The Presidency is Constitutionally Prohibited for Trump

For decades, as students of the United States Constitution, we have analyzed and immersed ourselves in its intricacies. One of us has served as a U.S. Court of Appeals judge, while the other is a professor of constitutional law. We have dedicated our professional lives to advocating, studying, and practicing constitutional law. Through our extensive research, we have discovered a powerful protection within the Fourteenth Amendment that safeguards the republic against a treasonous president.

Section 3 of the Fourteenth Amendment, often overlooked, safeguards our nation from the dissolution of the republic. This section automatically disqualifies any individual from holding office or position of power in the U.S. government, as well as in sovereign states and their subdivisions, if they have taken an oath to uphold and defend the Constitution and subsequently rebel against it. This rebellion can take the form of overt insurrection or providing aid and comfort to the enemies of the Constitution.
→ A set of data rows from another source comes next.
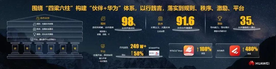 去年,华为伙伴平台的浏览量提升了58%,达到每月近250万次;其中,“亿企飞”浏览量提升108%,华为坤灵官网以及APP浏览量实现超480%的增长。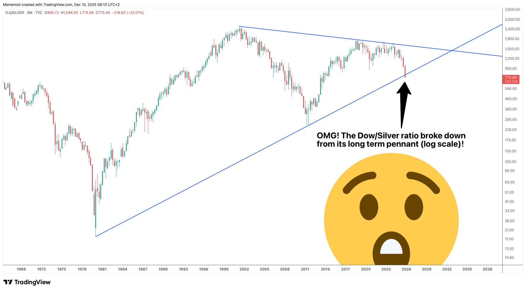 An analyst known as Oren predicts larger peaks as the Dow-Silver ratio breaks out of a 45-year-old pennant formation. He anticipates a frenzy in precious metals similar to the 1970s.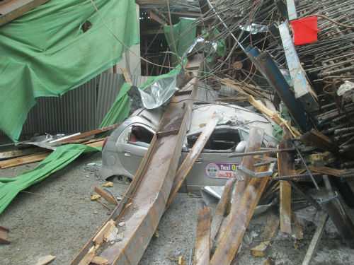 | Chiếc taxi bị sắt thép, bê tông đè bẹp |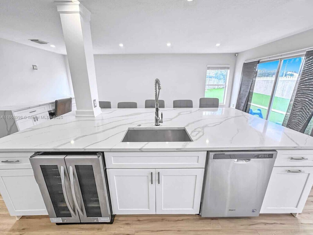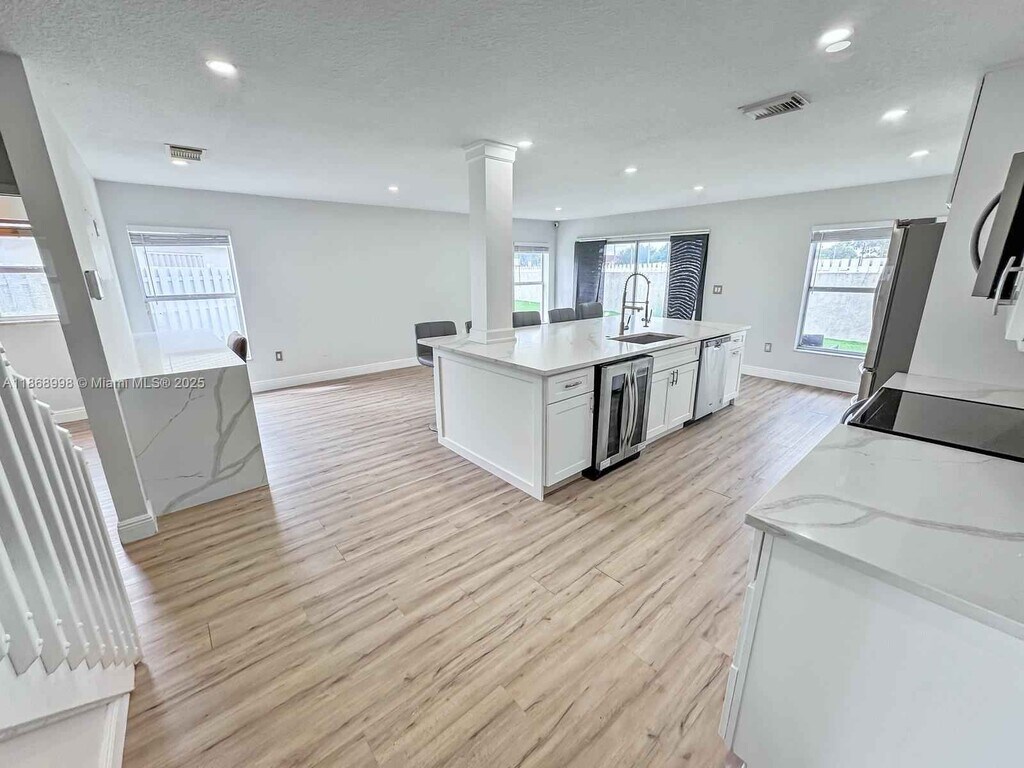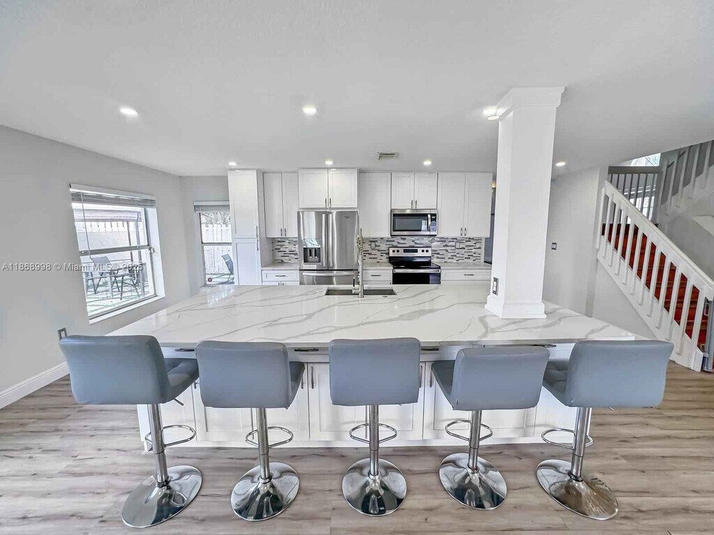 Beautiful home in Sunrise, near Sawgrass Mills Mall. Open floor plan with 4 bedrooms and 2.5 baths on premium 10,359 sq ft lot. Gorgeous remolded kitchen boasts modern white shaker cabinets and stunning quartz counters. Relax by the fire place in the expansive family room complete with stylish laminate flooring. Spacious primary suite has a large walk-in closet with a large en-suite bath. The oversized fully fenced backyard is perfect for entertaining. 2 car garage and driveway space for an additional 2-3 cars. Great location close to shopping, dining, entertainment and Flamingo Park. Pets considered with additional pet deposit.

Given the unprecedented federal and state indictments against former President Donald Trump, many wonder if a conviction would be sufficient to prevent him from running for the presidency in 2024. However, considering our extensive examination of the text, history, and purpose of the Fourteenth Amendment’s disqualification clause, we concluded that a conviction is not the determining factor. The disqualification clause operates independently of criminal and impeachment proceedings, as well as congressional legislation. Its purpose is to immediately disqualify those who betray their oaths to the Constitution, whether through armed rebellion or attempting to overturn a presidential election through nonviolent means.

Former President Trump’s efforts to overturn the 2020 presidential election and the subsequent attack on the U.S. Capitol clearly fall within the purview of the disqualification clause. Therefore, he is ineligible to serve as president again. The most urgent constitutional question facing our country today is whether we will adhere to this clear directive of the Fourteenth Amendment’s disqualification clause.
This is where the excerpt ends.